#**Demo- Customer Churn Prediction**
#**Scenario**

A telecom company wants to predict whether a customer will churn (leave the service) or stay based on their usage patterns, complaints, contract type, and other factors.

##**Objectives**
Build a classification model to predict customer churn (Binary Classification: Churn = Yes/No).

* Compare different classification algorithms (Logistic Regression, Decision Tree, Random Forest, SVM, Neural Networks, etc.).

* Evaluate model performance using accuracy, precision, recall, F1-score, and AUC-ROC.

* Add a Predicted_Churn column using the best-performing model and visualize actual vs. predicted churn counts with a bar chart.

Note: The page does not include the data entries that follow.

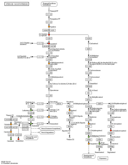 The complete metabolite dataset, its FC and DAMs are reported in Table 1. Most of the studied metabolites were downaccumulated (18 metabolites) in FT and VT samples. 3-alpha,7-alpha,12-alpha,26-Tetrahydroxy-5beta-cholestane metabolite was specifically downaccumulated only in VT samples (Table 1). At the same time, a general upaccumulation in lanosterol, S-squalene 2,3-epoxide and 20-alpha,22-beta-dihydroxycholesterol was found in VT and FT livers over NC (Table 1). Among them, 19 metabolites were detected in steroid biosynthesis (Figure 6).
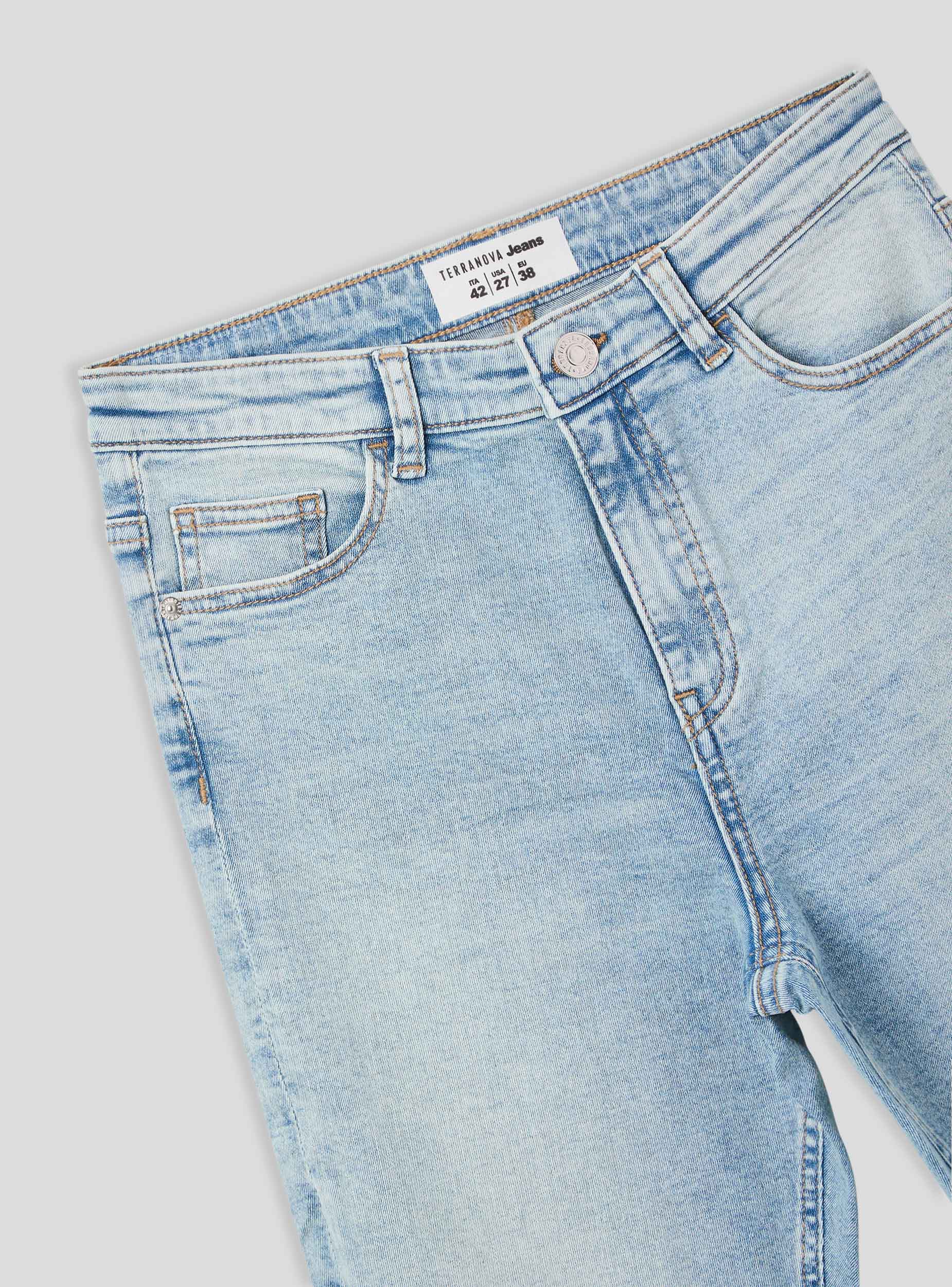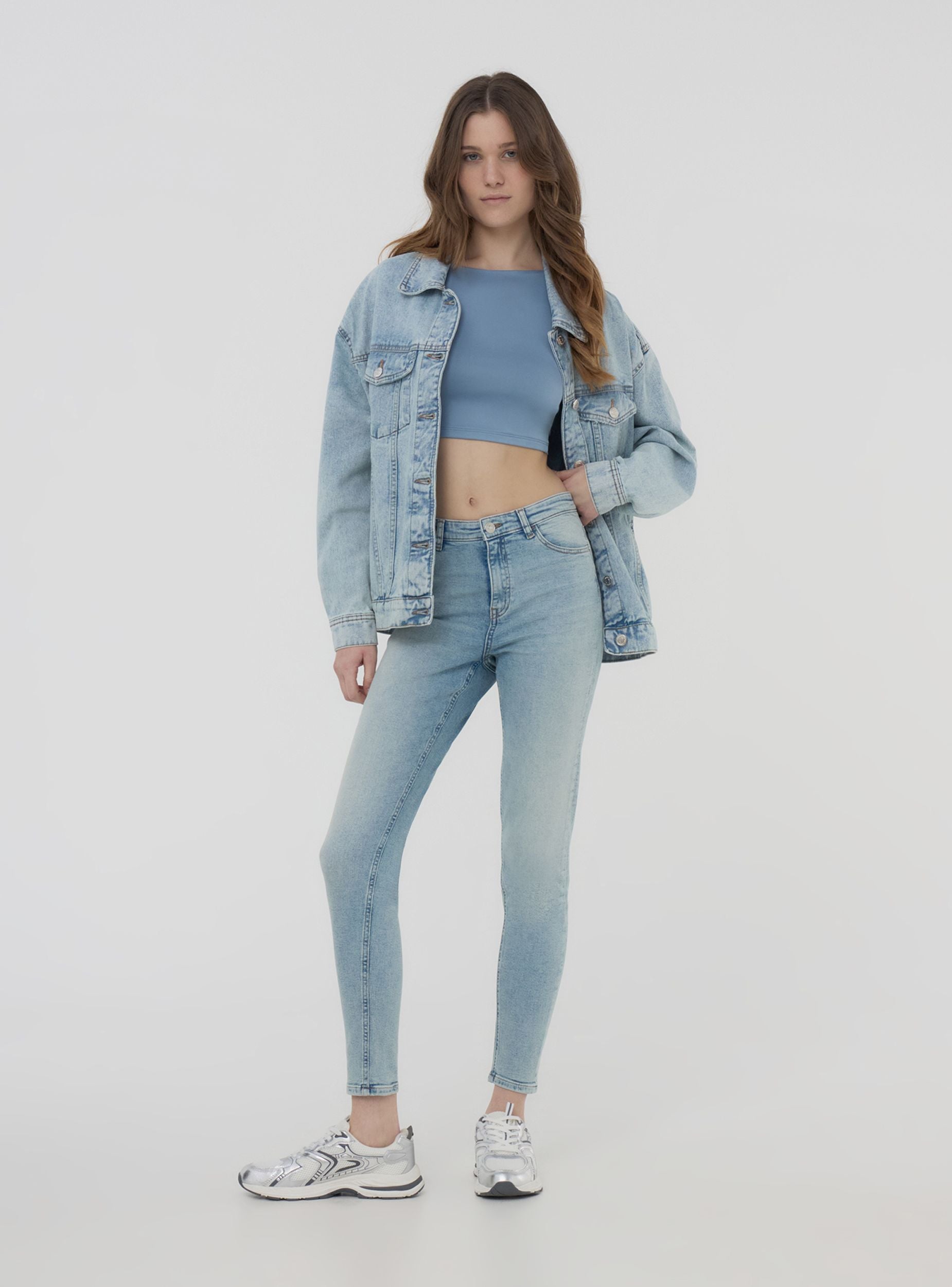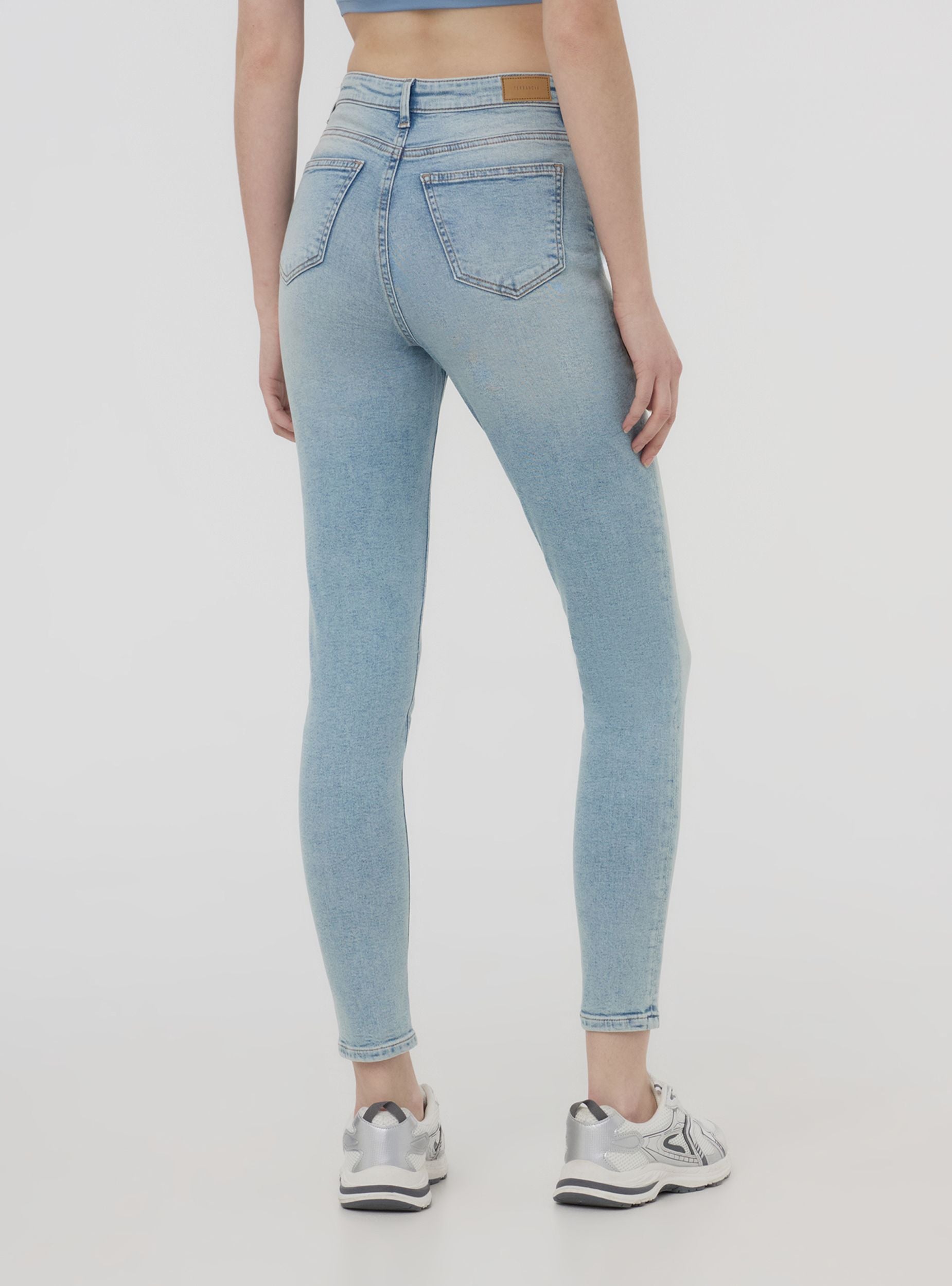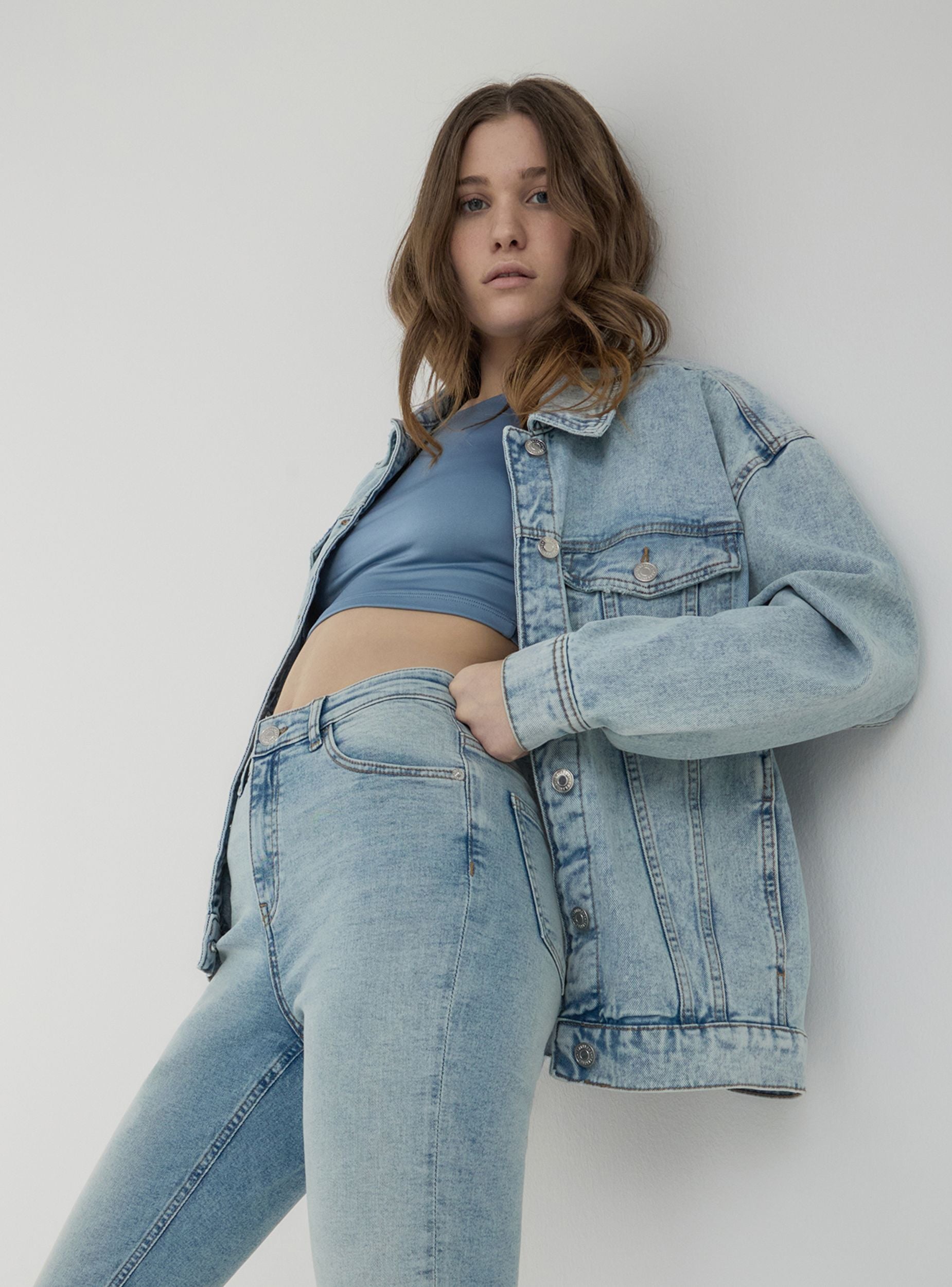 Ženske traperice, s jedinstvenim dizajnom i uskim krojem, savršene za isticanje siluete. Svijetlo pranje daje modernu notu, dok petlje na struku omogućuju personalizaciju izgleda s remenom. Opremljene s pet funkcionalnih džepova i zatvaranjem na gumb i patentni zatvarač, spajaju praktičnost i stil za svaku priliku.Detalji
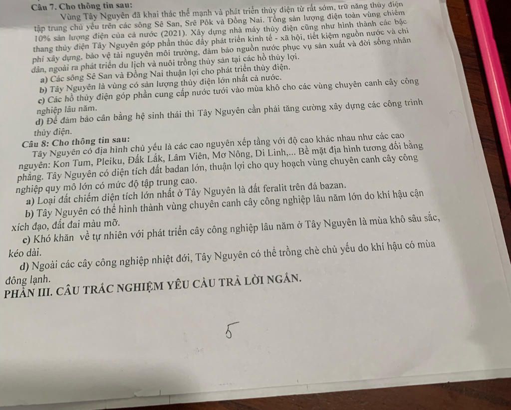 b. Sai → Tây Nguyên có sản lượng thủy điện lớn nhưng không phải lớn nhất cả nước, khu vực Tây Bắc và Trung du miền núi Bắc Bộ có tiềm năng thủy điện cao hơn.
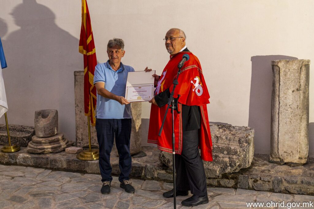 –Чест ни е што Охрид како домаќин е дел од оваа поставка со своите главни симболи, изработени со професионална помош и стручна поддршка токму од Македонското грбословно друштво. Општина Охрид отсекогаш ја имала културата за свој приоритет. Како и до сега, така и во иднина ќе продолжиме да даваме поддршка на вакви проекти кои ја збогатуваат културната понуда на градот и ја зајакнуваат нашата самосвест како држава. Посакувам оваа изложба да биде инспирација за младите генерации, за локалните заедници и за сите нас, да продолжиме да го почитуваме, негуваме и унапредуваме она што не прави Македонци, истакна Крстеска во своето обраќање.
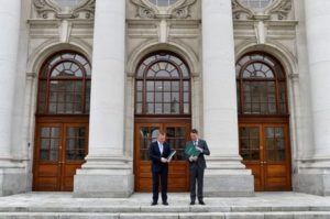 FILE PHOTO: Ireland’s Minister for Finance Michael McGrath and Minister for Public Expenditure and Reform Paschal Donohoe in the courtyard of Government Buildings, Dublin, Ireland, October 12, 2021. REUTERS/Clodagh Kilcoyne
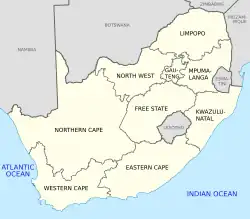 Les neuf provinces d'Afrique du Sud ont également leurs propres départements de l'éducation qui sont chargés de mettre en œuvre les politiques du « ministère » («Department») et de traiter les problèmes locaux.
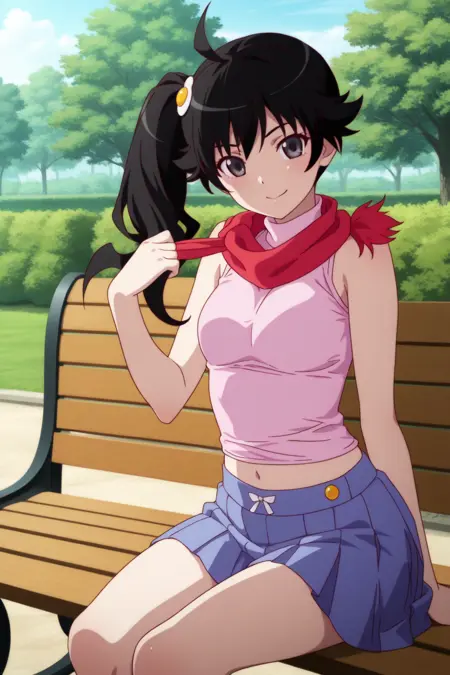 aakaren, 검은 눈, 검은 머리, 옆머리 폰테일, 아호게, karenc2, 계란 머리 장식, 빨간 스카프, 핑크 탱크 탑, 터틀넥, 복부, 파란 치마, 주름 치마, 애니메이션 컬러링,
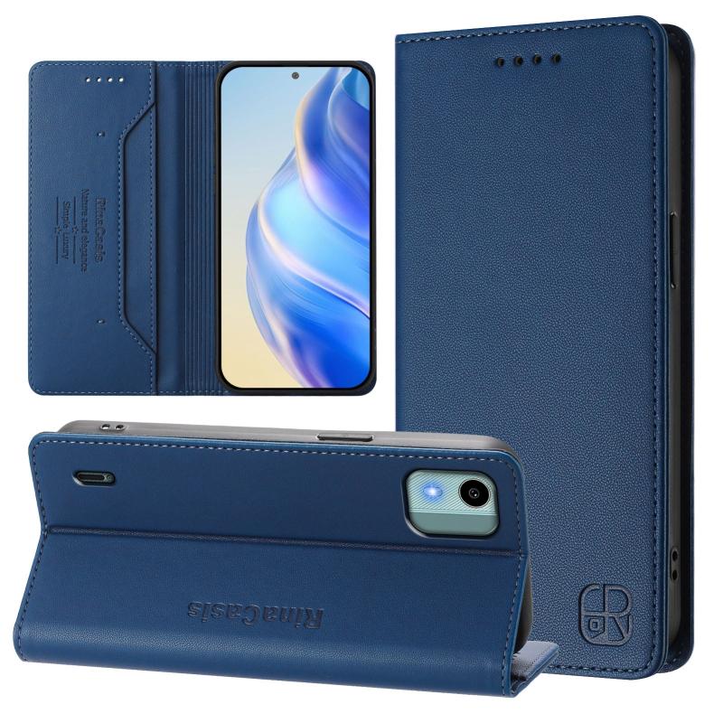 For Nokia C12 RC01 Dual-Folded Magnetic Suction RFID Leather Phone Case(Dark Blue)
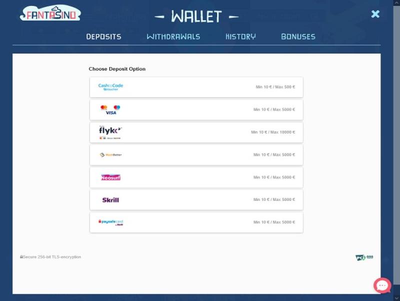 Fantasino 的銀行系統非常完善,接受 Visa、MasterCard、Skrill、Neteller、GiroPay、Trustly、Zimpler、ecoPayz、EnterCash 和 Euteller 等付款方式。賭場設有 24 小時的獎金待處理期,但之後獎金很快就會支付。這裡有很多值得稱道的地方,您可以放心,賭場會定期支付獎金。
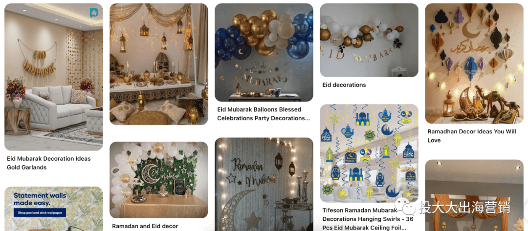 其中搜索频率较高的词汇包括:Eid Mubarak decorations、Eid al-Adha greetings、Hijabi Eid outfits、Henna Eid designs,可才参考相关帖子作为素材来源。
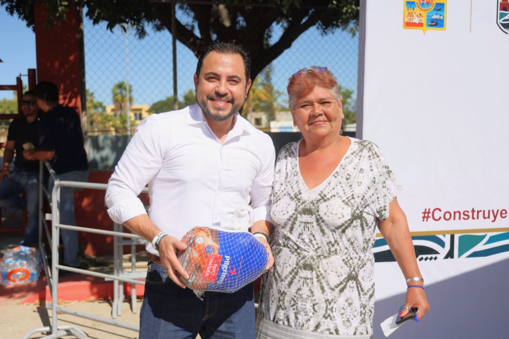 La mañana de este martes 17 de diciembre, el presidente municipal, Arq. Christian Agúndez Gómez, encabezó la entrega de pavos a los sectores prioritarios, como parte de las acciones sociales que realiza el XV Ayuntamiento de Los Cabos: ‘’Estamos en la unidad deportiva de San José del Cabo, entregando pavos para las familias de todas las comunidades ‘’, informó el primer edil.
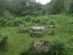 Scotia's Grave or Scota's Grave[1] is a rock feature south of Tralee in County Kerry, Ireland. It is beside a stream called the Finglas (Fionnghlas - 'clear stream'), in a wooded glen called Gleann Scoithín, anglicized 'Glenscoheen' or 'Glanaskagheen'.[2] According to Geoffrey Keating's Foras Feasa ar Éirinn (17th century), it is the burial place of Scota, an ancient queen of the Milesians (Gaels) who died there in battle with the Tuatha Dé Danann.[3] John O'Mahony translated Gleann Scoithín as "vale of the little flower" and said it is the Irish equivalent of the female name Flora.[3] According to the National Monuments Service, "Following a site inspection in 1999 it was concluded that the evidence was not sufficient to warrant accepting this as an archaeological monument".[4]

##Step 1: Importing Necessary Libraries and Data Loading



In [None]:
# Import necessary libraries
import pandas as pd
import numpy as np
from sklearn.model_selection import train_test_split, GridSearchCV, RandomizedSearchCV
from sklearn.ensemble import RandomForestClassifier
from sklearn.linear_model import LogisticRegression
from sklearn.tree import DecisionTreeClassifier
from sklearn.svm import SVC
from sklearn.neighbors import KNeighborsClassifier
from sklearn.metrics import classification_report, accuracy_score, precision_score, recall_score, f1_score, roc_auc_score
from sklearn.preprocessing import StandardScaler, LabelEncoder # Import LabelEncoder here
import matplotlib.pyplot as plt
import seaborn as sns

In [None]:
# Load the dataset
df = pd.read_csv('customer_churn_dataset.csv')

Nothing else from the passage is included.